Sales Representative

This column, and two related columns, recently won first place in the Original Column category for large weekly newspapers. It first ran in Austin Weekly News on Aug. 6, 2014.

When my father called last week from Kentucky to tell me my sister had died, my response was, "Dad, I'm glad she's not in pain anymore." Was I shocked? No. Was I in shock? Yes. This was the end of my sister's long struggle with mental illness and addiction. And I was happy for her.

I set about the business one does when they learn of loss. I sent some text messages to a few close friends. I made a few phone calls. I rearranged my schedule. I talked to a friend who informed me I was, in fact, in shock. And then I prepared myself to tell my son Paxton that his Aunt Sandy had died. 

Paxton was not surprised. Over the course of his lifetime, he was blessed to have the best moments my sister could muster up. They were close. He was her rock. He was the glimmer of hope that someday she could have a normal life. And he was the threat. The "take-away" if she couldn't keep herself clean.
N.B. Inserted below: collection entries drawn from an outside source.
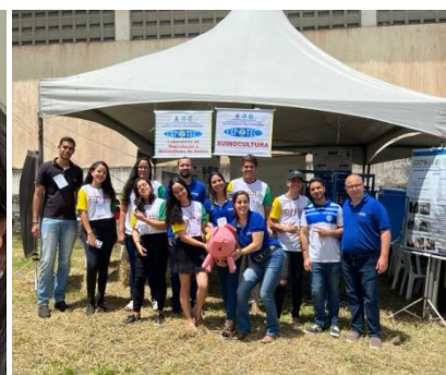
Fotos 1 a 10. Criando memórias EXPOTEC, CAVN 2023.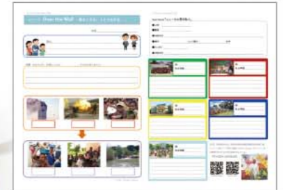
「総合学習」ワークシートの一例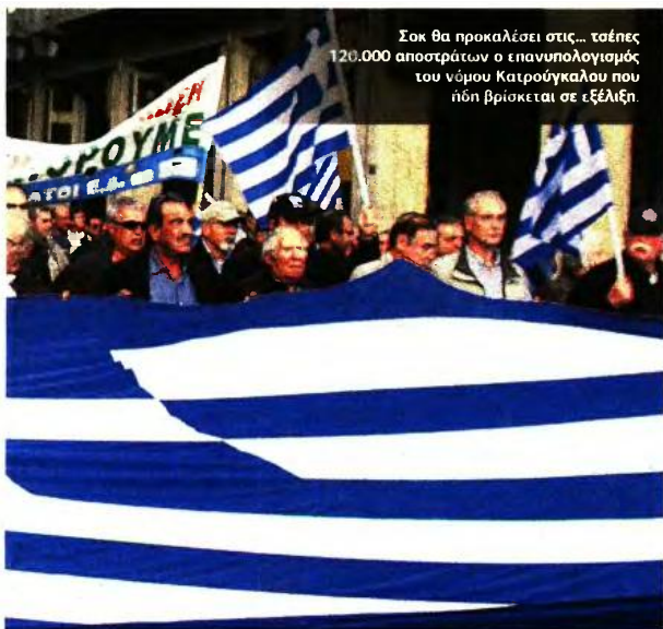
Σοκ θα προκαλέσει στις... τάξεις 120.000 αποστράτων ο επανουπολογισμός του νόμου Κατρούγκαλου που ήδη βρίσκεται σε εξέλιξη.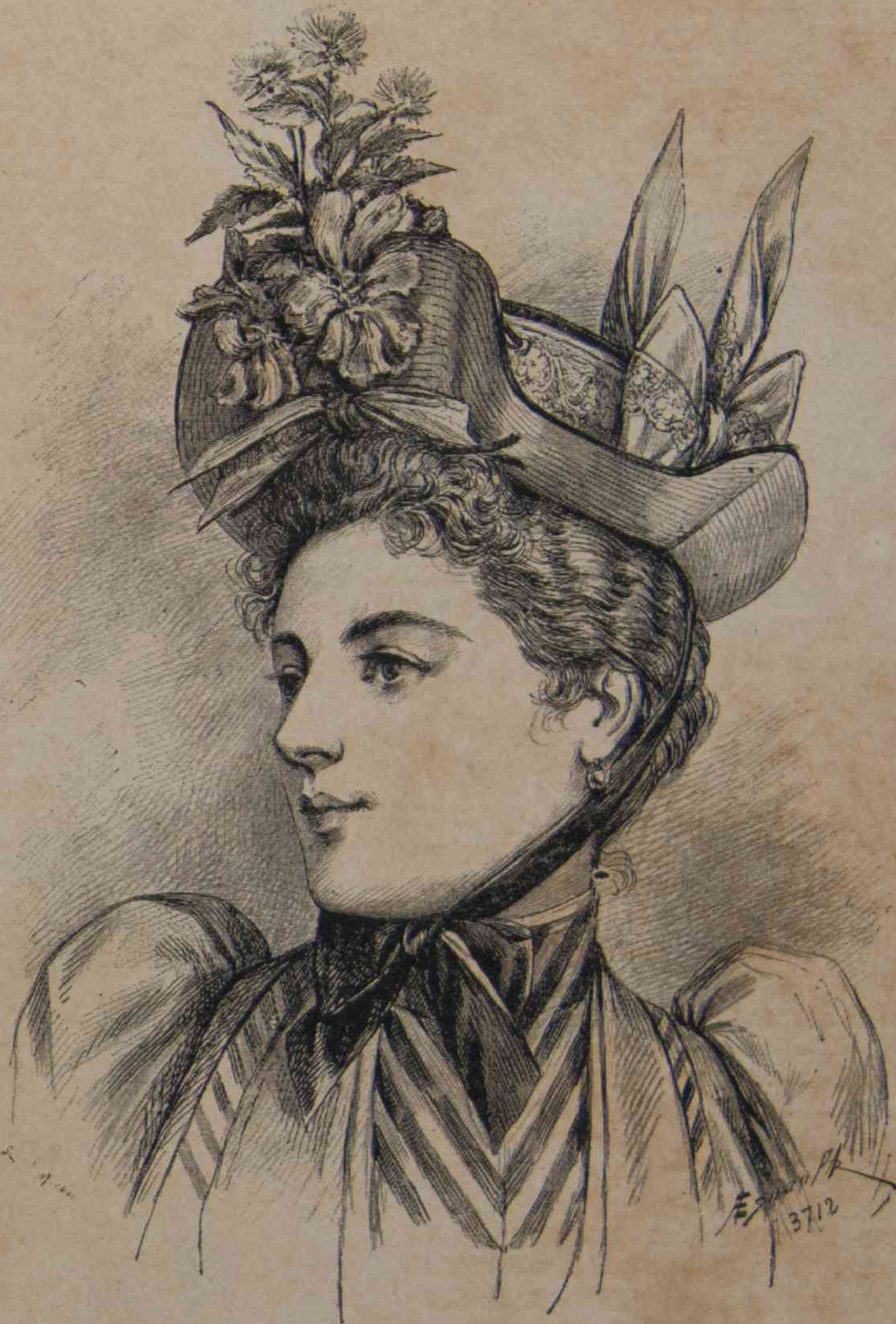
8. — Sombrero de paja.

10. — Déshabillé Dimitri en gruesos granos nacarat, adornado de solapas de seda oro pálido. El chaquet con faldones largos, se abre sobre una blusa de suráh crema, ajustada á la cintura por un cordon blanco y oro. Cuello, canesú y segundas mangas de punto de Venezia. Mangas 1830 abolsadas de arriba y ajustadas en los puños.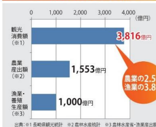
●長崎県の各産業比較 (H27)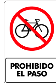
PROHIBIDO EL PASO ( BICICLETAS )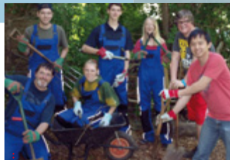
Práce na komunitní zahradě ve Walesu

Máte za sebou zhruba polovinu projektu, v červnu jste navštívili partnerskou skupinu a zúčastnili jste se campu ve Walesu. Jaké jsou zatím vaše zkušenosti a dojmy? Projekt je pro nás poměrně velkou výzvou, jelikož poprvé spolupracujeme s partnery, k nimž je potřeba zorganizovat cestu letadlem. Naše spolupráce je oboustranně prospěšná, jelikož i přes mírnou jazy-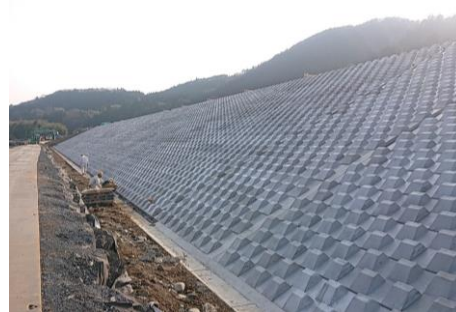
▲完成した護岸堤防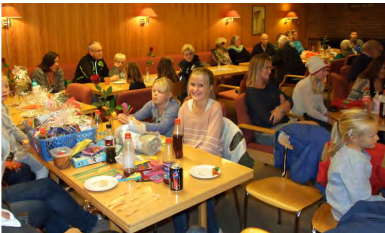
Gøy, gøy, gøy var de tre ordene som ble refrenget denne dagen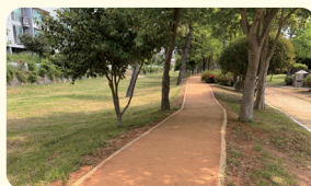
신안비치 팔레스 앞 황토길 조성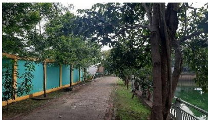
Gambar 10. Jogging track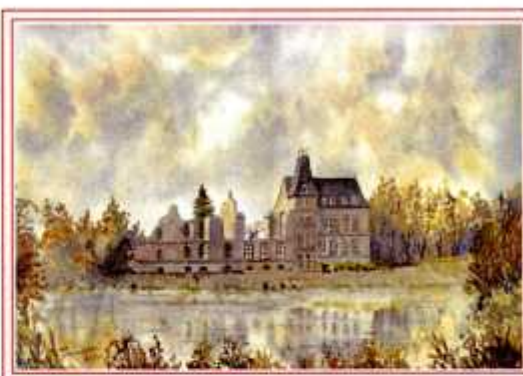
LE CHATEAU DU PUY DU FOU PAR > PASQUEREAU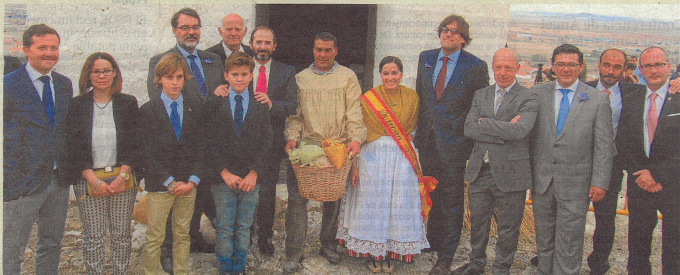
Autoridades que asistieron a la molienda de la paz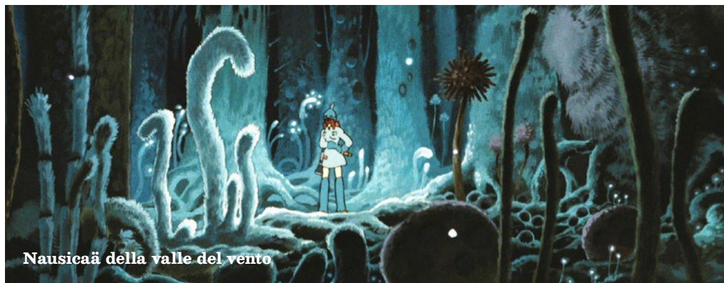
Nausicaä della valle del vento

Dopo una guerra nucleare, l'umanità si trova confinata in poche aree ristrette, tra cui la Valle del Vento, mentre sul resto del pianeta dilaga la Giungla Tossica, popolata da velenosi e mostruosi insetti.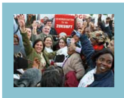
IGB-Gründungskongress in Wien, 2006 ITUC Congress in Vienna, 2006 Congrès du CIS à Vienne, 2006 Конгресс МКСП в Вене в 2006 г.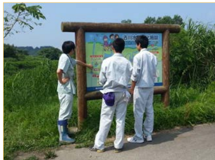
古川浄化施設の説明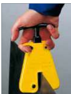
Auf- und Absetzen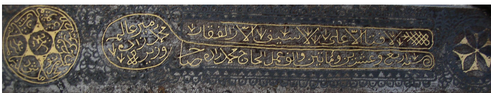
Sl. 5. Kartuša s natpisom na arapskom i osmanskom jeziku (desno) i okrugli ornament s natpisom na arapskome (lijevo)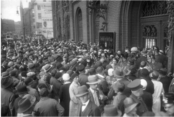
De bankrun op Credit Anstalt in 1931 in Berlijn.

voor een enorme schuldenberg. De stijging van de productie was niet geassocieerd met een stijging van de lonen, omdat er veel immigranten uit arme landen van Europa naar de VS emigreerden en bereid waren voor weinig geld te werken.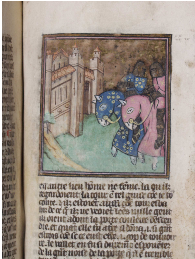
Bodmer, t. 2, fol. 213 r° (image 51)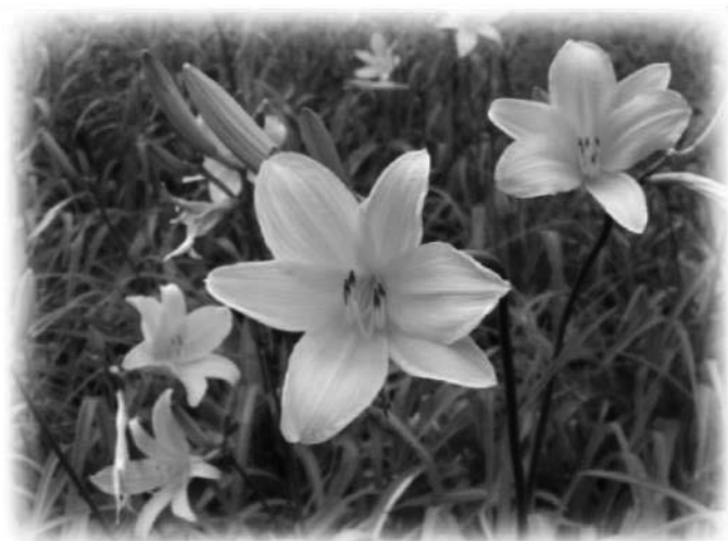
市の花 ニッコウキスゲ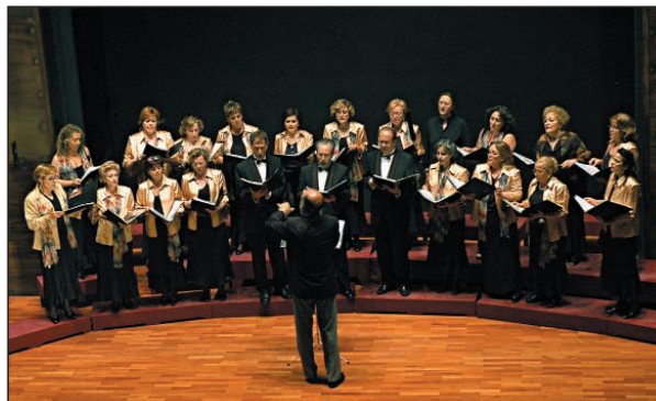
Coral Polifónica Instituto de Salud Carlos III.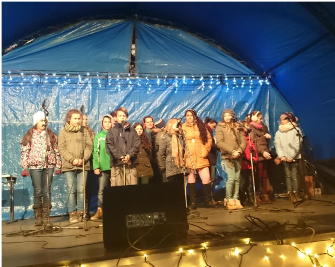
A Csizmazia Alapítvány a Jövő Ígéretes Gyermekeiért karácsonyi köszöntője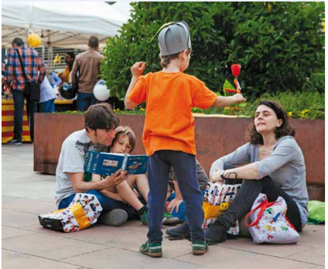
Llibres i roses van omplir dilluns passat la plaça d'El Mirador que va acollir la tradicional fira de Sant Jordi.

'La força d'un destí', de Martí Gironell i 'Las hijas del capitán', de María Dueñas, llibres més venuts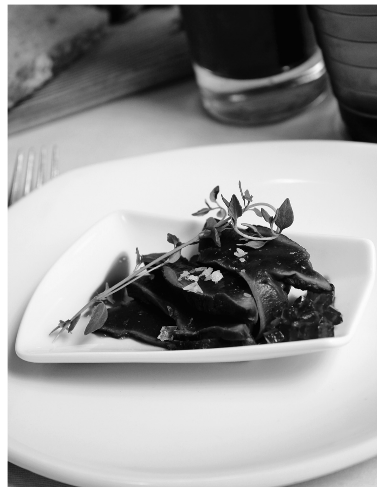
Assiette de cœur de renne fumé et sa gelée de vin de mûres au restaurant Juuri, à Helsinki, en Finlande.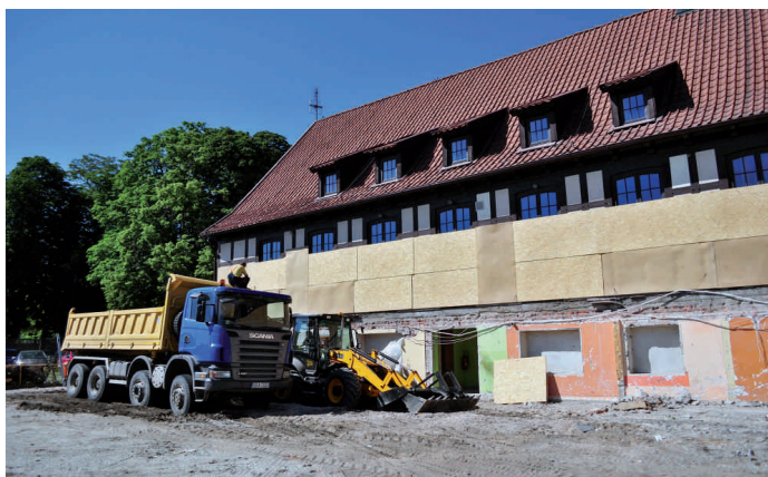
Rozbudowa Centrum Kultury i Sportu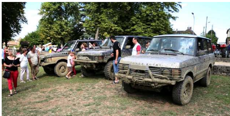
Les Roues'Yotines 2018

Une page facebook a été mise en place pour toutes inscriptions sur places limitées, permettant de rencontrer les divers passionnés de 4x4 régionaux dans le cadre d'une journée de détente.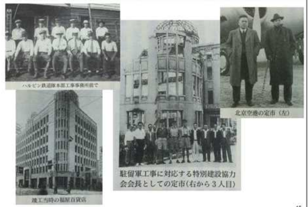
ハルビン鉄道線本工事現場用車で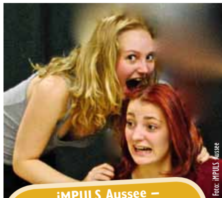
iMPULS Aussee – BÜHNE Authentic Samstag, 25. April, 20 Uhr Kur- & Congresshaus Bad Aussee

Die Ausseerinnen und Ausseer haben eine stolze Tradition in der Überlieferung echter Volksmusik. Diese Tradition wird bei den bekannten Ausseer Musikantentagen gepflegt. Ein Team aus engagierten Volksmusikanten wird bei den Ausseer Musikantentagen auch 2015 wieder die Faszination der echten Volksmusik vermitteln. Die Ausseer Musikantentage 2015 finden von 26. bis 29. August statt. Weitere Informationen erhalten Sie in der nächsten Ausgabe des „Aussee“.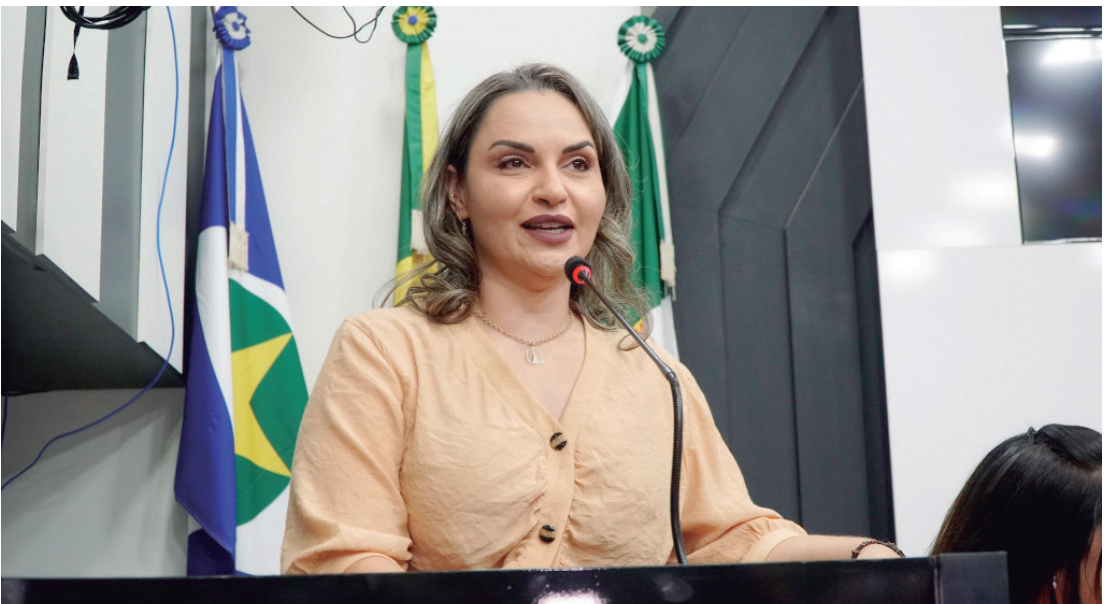
Câmara de Cuiabá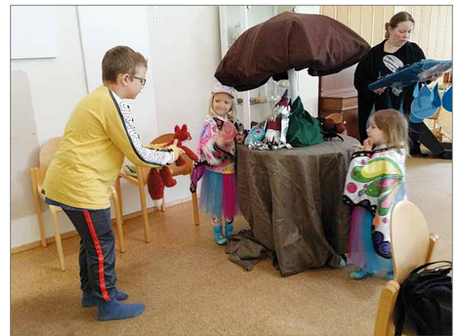
Vihma-satunäytelmässä repo jahtaa jänistä.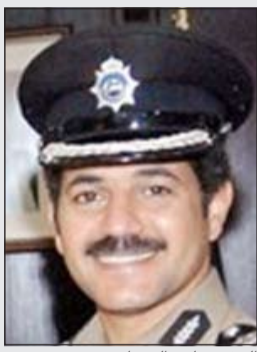
العقيد وليد الشهاب

وقال مصدر اميني ان رجال امن الجهراء وتحديدًا مخفر منطقة النعيم كانوا يصدون نقل 9 أشخاص من الجنسية الأفريقية والإسيوية الى إدارة الإبعاد وأثناء خروجهم من المخفر هرب الوافدون باتجاهات مختلفة فتمت مطاردتهم من قبل رجال الأمن الذين استنطاقوا بعد فترة ليست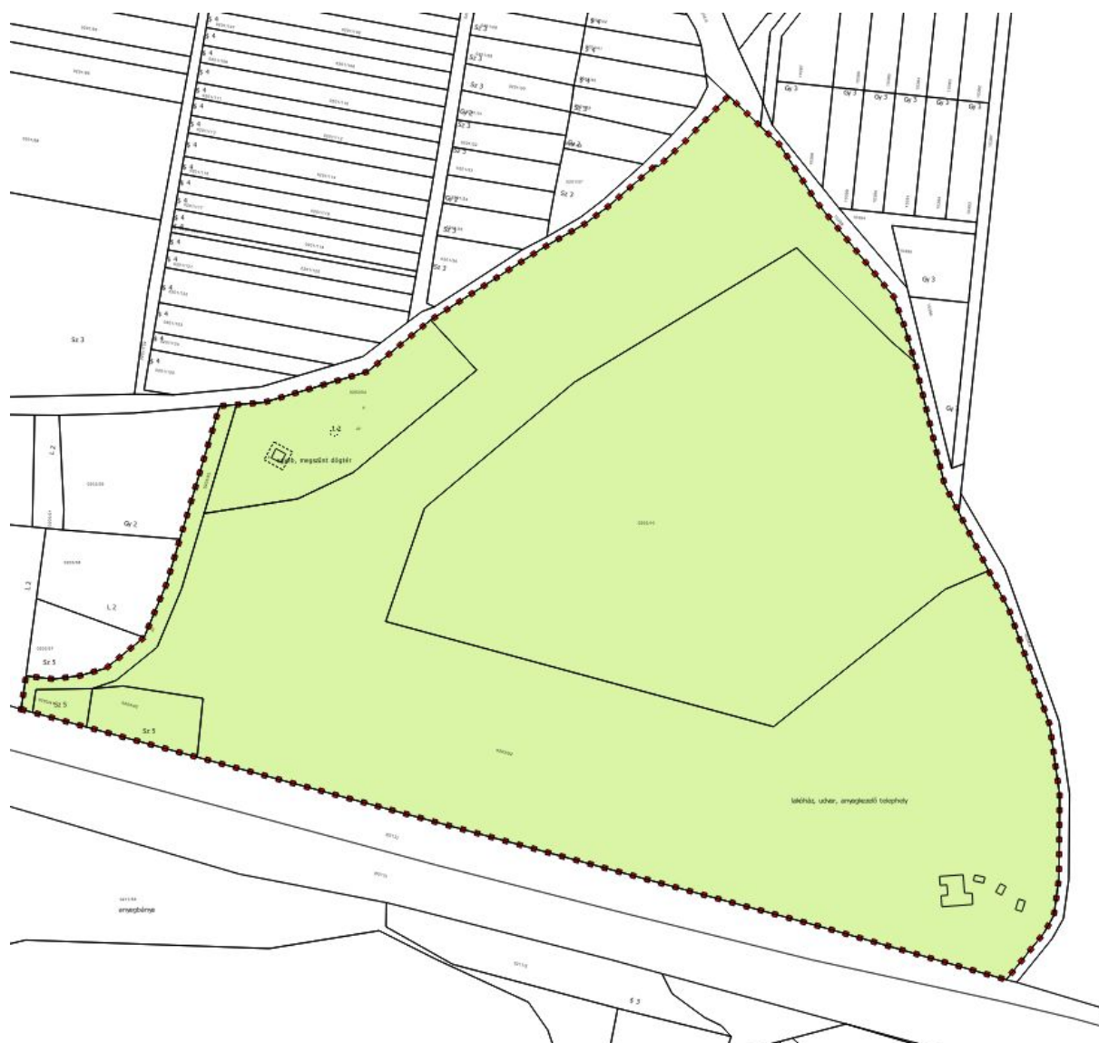
Hatályos településszerkezeti terv részlet - 2. tervezési terület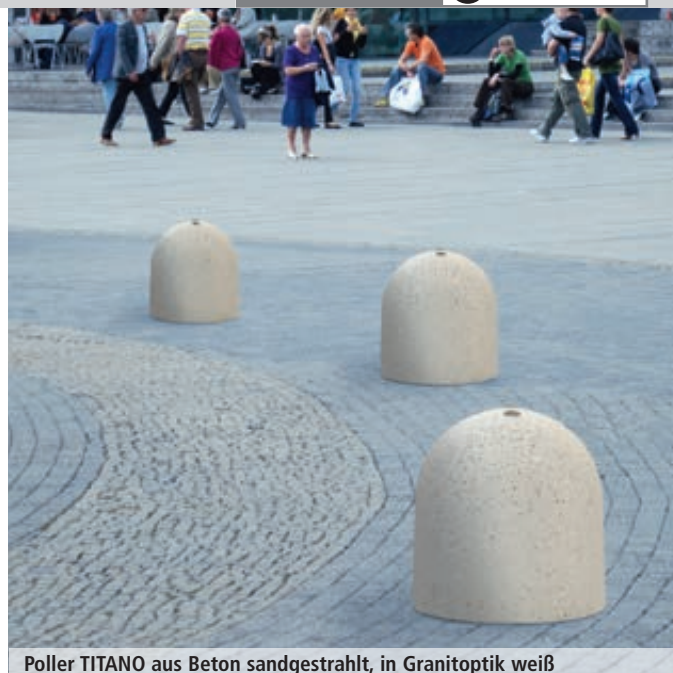
Poller TITANO aus Beton sandgestrahlt, in Granitoptik weiß

We aren't sure when my sister's struggles began. Was she born with mental illness? Did it begin when she lost her baby 14 years ago? We know it ended her marriage. I wasn't aware of it until about 10 years ago, when I had to make the tough decision that I couldn't leave Paxton alone with her ever again. That day came when, while babysitting Paxton, Sandy called me at work to say that Paxton was lethargic and she thought he had been drinking from a bottle of Drano. By the time I arrived at her house, she had forgotten about the call, and Paxton was fine.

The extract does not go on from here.